Circular median in [0, 2*pi).

Examples

median_angle(c(pi/2, 1.5 * pi))
median_angle(c(0, pi))

Summarise an aniframe

Description

Calculate summary statistics for aniframe data by dispatching to specialised summary functions.

Usage

summarise_aniframe(
  data,
  type = c("kinematics", "tortuosity"),
  measures = c("median_mad", "mean_sd")
)

summarize_aniframe(
  data,
  type = c("kinematics", "tortuosity"),
  measures = c("median_mad", "mean_sd")
)

Arguments

data

A kinematics aniframe (output of calculate_kinematics())

type

Character vector of summary types. Options are "kinematics" and "tortuosity". Default is both.

measures

Measures of central tendency and dispersion for kinematics. Options are "median_mad" (default) and "mean_sd".

Value

A summarised data frame with one row per group.

See Also

summarise_kinematics(), summarise_tortuosity()


Summarize keypoint data

Description

Creates summary statistics across multiple keypoints at each time point. Currently supports computing centroids from selected keypoints. Future functionality will include polygonal summaries.

Usage

summarise_keypoints(
  data,
  keypoints = "all",
  name = "centroid",
  add_area = FALSE
)

Arguments

data

An aniframe containing keypoint data.

keypoints

Character vector of keypoint names to summarize, or "all" to use all keypoints in the data. Default is "all".

name

Character string for the name of the new summary keypoint. Default is "centroid".

add_area

Logical indicating whether to compute area (not yet implemented). Default is FALSE.

Value

An aniframe with the original data plus the new summary keypoint.

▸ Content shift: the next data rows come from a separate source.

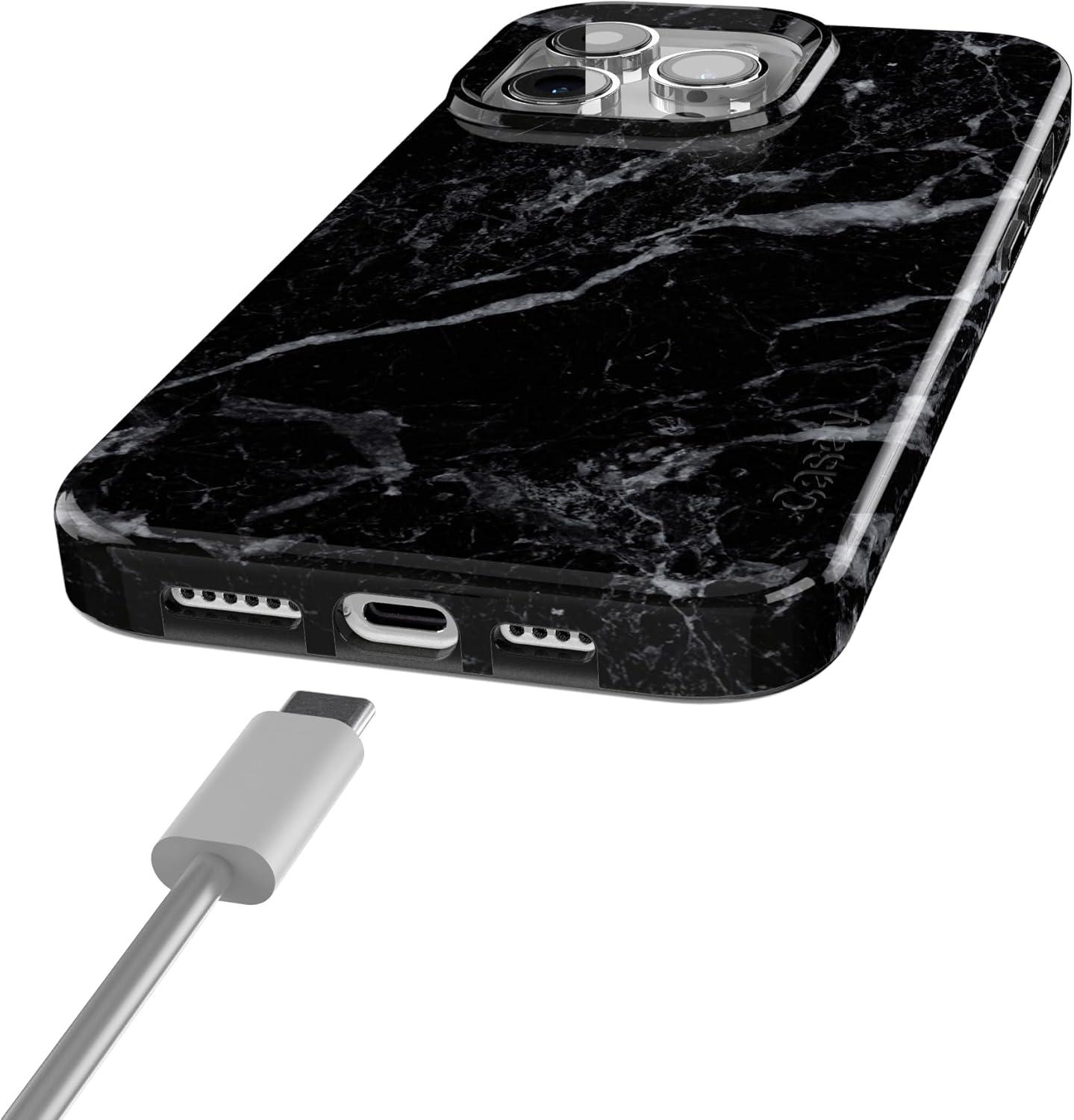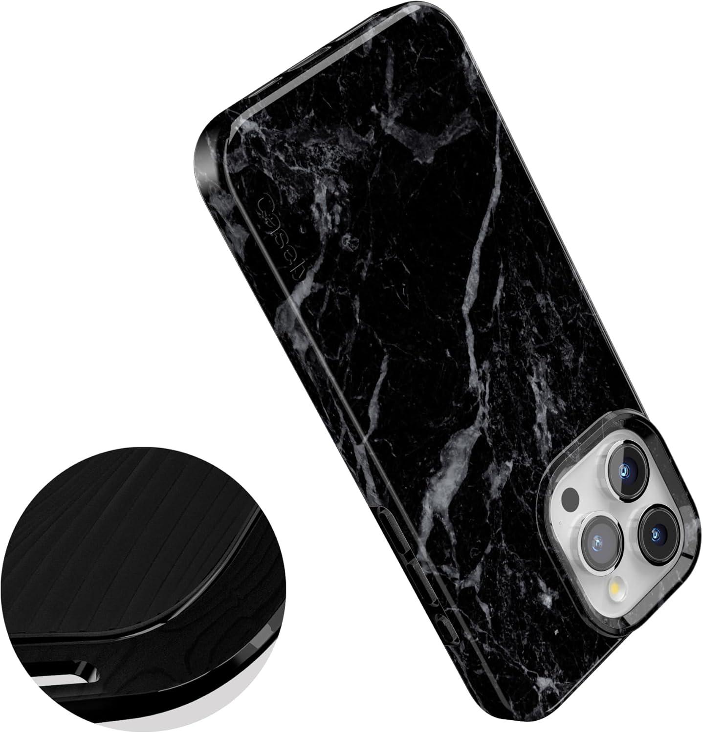 Casely iPhone 15 Pro Max Case | Moody Monochrome | Bordeaux Rose | Compatible with MagSafe | Classic Ultra Thin Design(Black Pearl Marble)
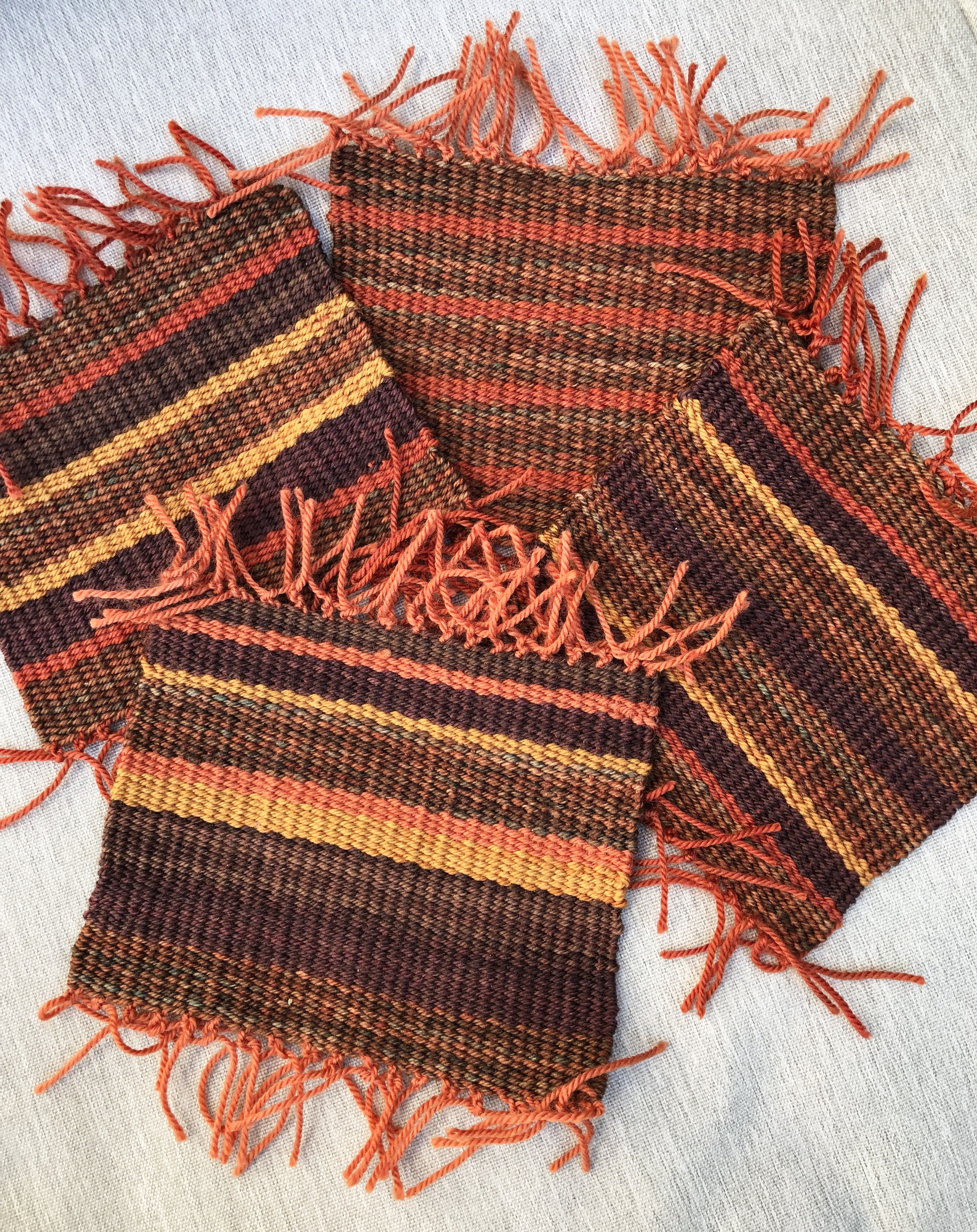 With Fall just ending in my neck of the woods as we have already had several dustings of snow I wanted to share one of my recent weaving projects with the essence and colours of the autumn season. These are a set of 4 mug rugs I made with my loom perfect for making mug rugs. I like to make seasonal sets for my family so we can each enjoy the beautiful colours and patterns I have woven.
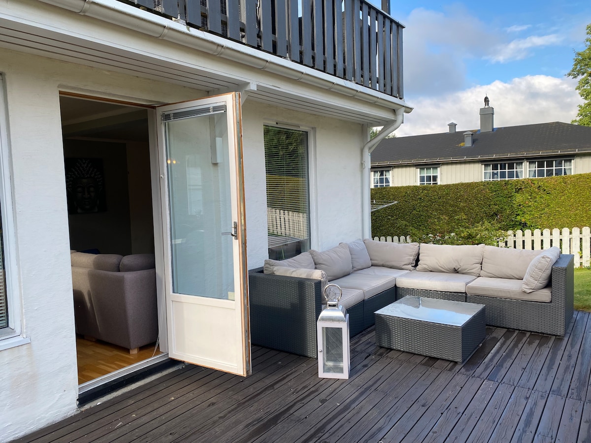 Light and nice apartment, 50 m2. Lovely surroundings! Perfect place for hiking and relaxing. Private entrance and private patio outside. Free parking outside the house. One bedroom with double bed and one single bed. 12 min walk to bus stop, 23 min bus ride to Oslo. 4 km to Sandvika, 8 km to Asker. Quiet and peaceful neighborhood. Sea view, a few meters to jetty and beaches. Rent single/double kayak. Bikes, fishing gear and tennis gear available for free.
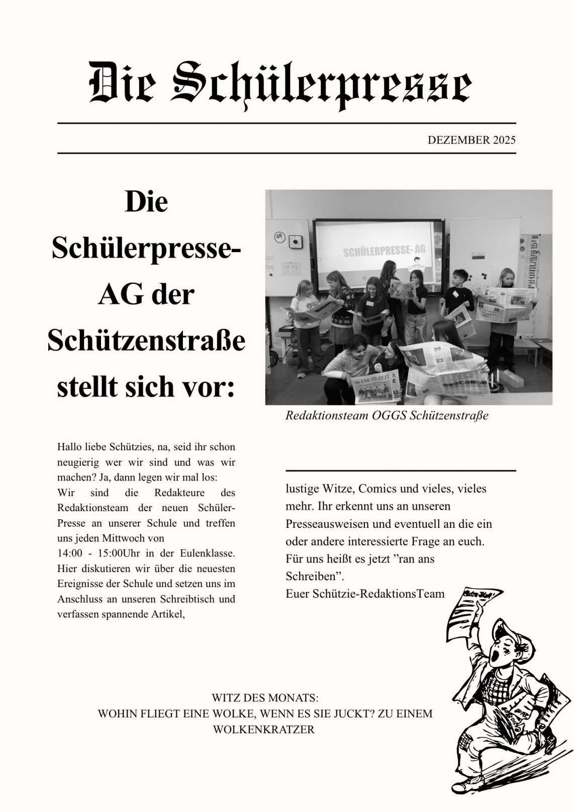 Jeden Mittwoch von 14:00 bis 15:00 Uhr trifft sich das Redaktionsteam in der Eulenklasse. Dort werden Ideen gesammelt, Interviews geplant, Artikel geschrieben sowie Witze und kleine Comics gestaltet. Gemeinsam wird diskutiert, recherchiert, überarbeitet – und natürlich auch viel gelacht.
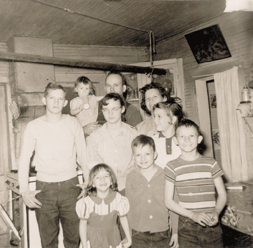 Elizabeth Eaton Wise family in the kitchen of the Eaton Home. Front row (l to r): Jewel, Dow, Doug.
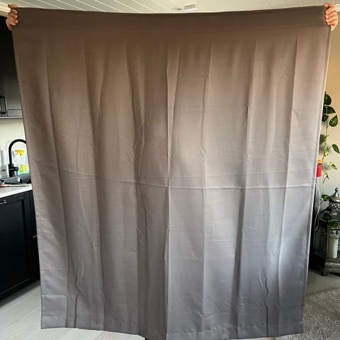 Selger to lengder med gardiner fra Kid. Gardinene er beige med et mønster i gullaktig tråd som gir en fin skinnende effekt. Selges for 100 kr pr. stk.
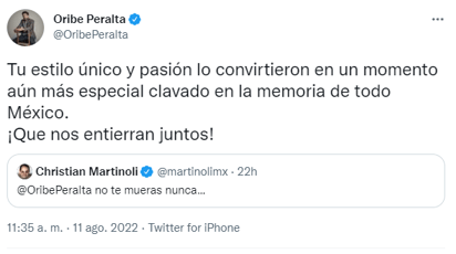 El famoso narrador de TV Azteca escribió en su cuenta de Twitter "Oribe Peralta no te mueras nunca" y de inmediato recibió respuesta del histórico goleador.
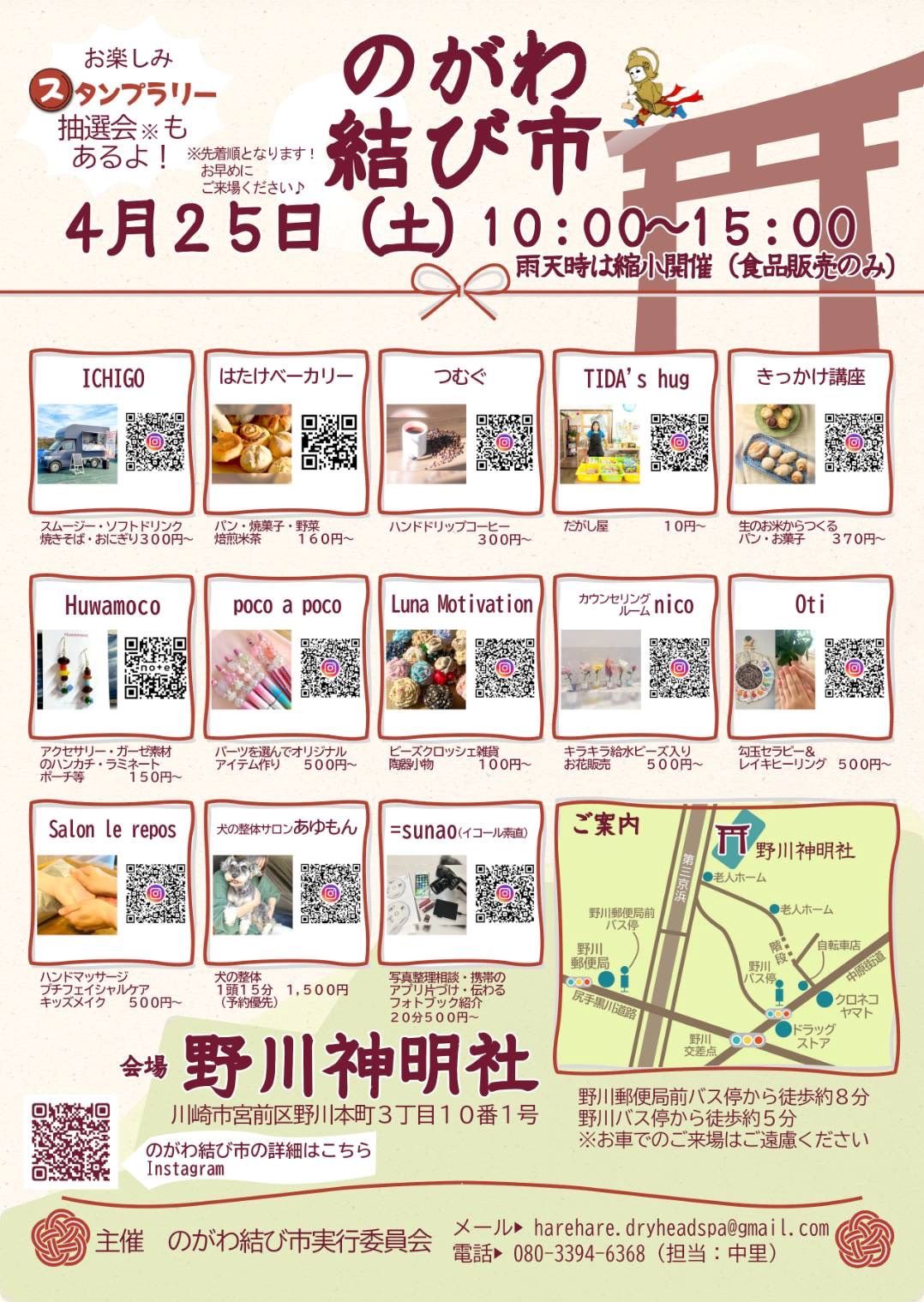 | 2026年3月30日 | 第2回目の神社マルシェ(のがわ結び市)が、4月25日(土)に開催されます。 |
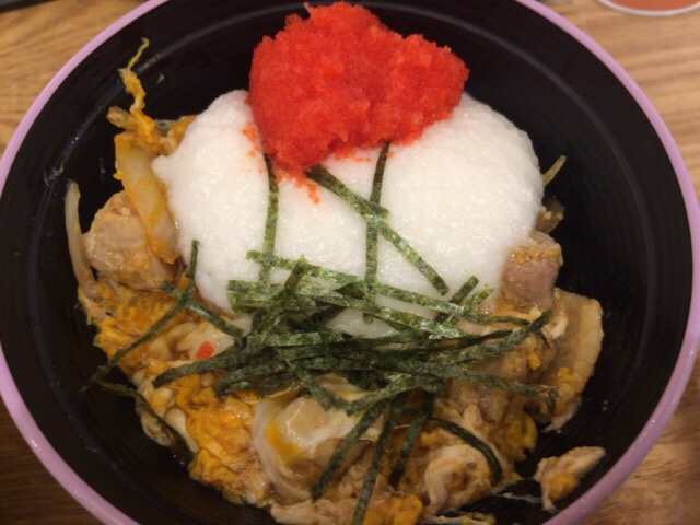 たっぷりの明太子ととろろ、卵でとじられた鶏肉がのっかっている丼です。博多だから明太子だと後から気がつきました。

Calculate kinematic summary statistics

Description

Calculate central tendency and dispersion for translational and rotational kinematics.

Usage

summarise_kinematics(
  data,
  measures = c("median_mad", "mean_sd"),
  .check = TRUE
)

summarize_kinematics(
  data,
  measures = c("median_mad", "mean_sd"),
  .check = TRUE
)

Arguments

data

A kinematics aniframe (output of calculate_kinematics())

measures

Measures of central tendency and dispersion for kinematics. Options are "median_mad" (default) and "mean_sd".

.check

Whether to validate input. Set to FALSE when called from summarise_aniframe() to avoid redundant checks.

Value

A summarised data frame with one row per group containing central tendency and dispersion measures (prefixed with median_/mad_ or mean_/sd_)

  • Speed, acceleration

  • Angular speed, velocity, acceleration (2D only)

  • Heading (2D only, using circular statistics)


Calculate tortuosity summary statistics

Description

Calculate path length, displacement, and tortuosity metrics.

Usage

summarise_tortuosity(data)

summarize_tortuosity(data)

Arguments

data

A kinematics aniframe (output of calculate_kinematics())

Value

A summarised data frame with one row per group containing:

  • total_path_length: Total distance traveled

  • total_angular_path_length: Total angular distance (2D only)

Tortuosity metrics:

  • net_displacement: Straight-line distance from start to end

  • straightness: Ratio of net displacement to path length (0-1)

  • sinuosity: Corrected sinuosity index (Benhamou 2004)

  • emax: Maximum expected displacement (dimensionless)

References

Benhamou, S. (2004). How to reliably estimate the tortuosity of an animal's path. Journal of Theoretical Biology, 229(2), 209-220.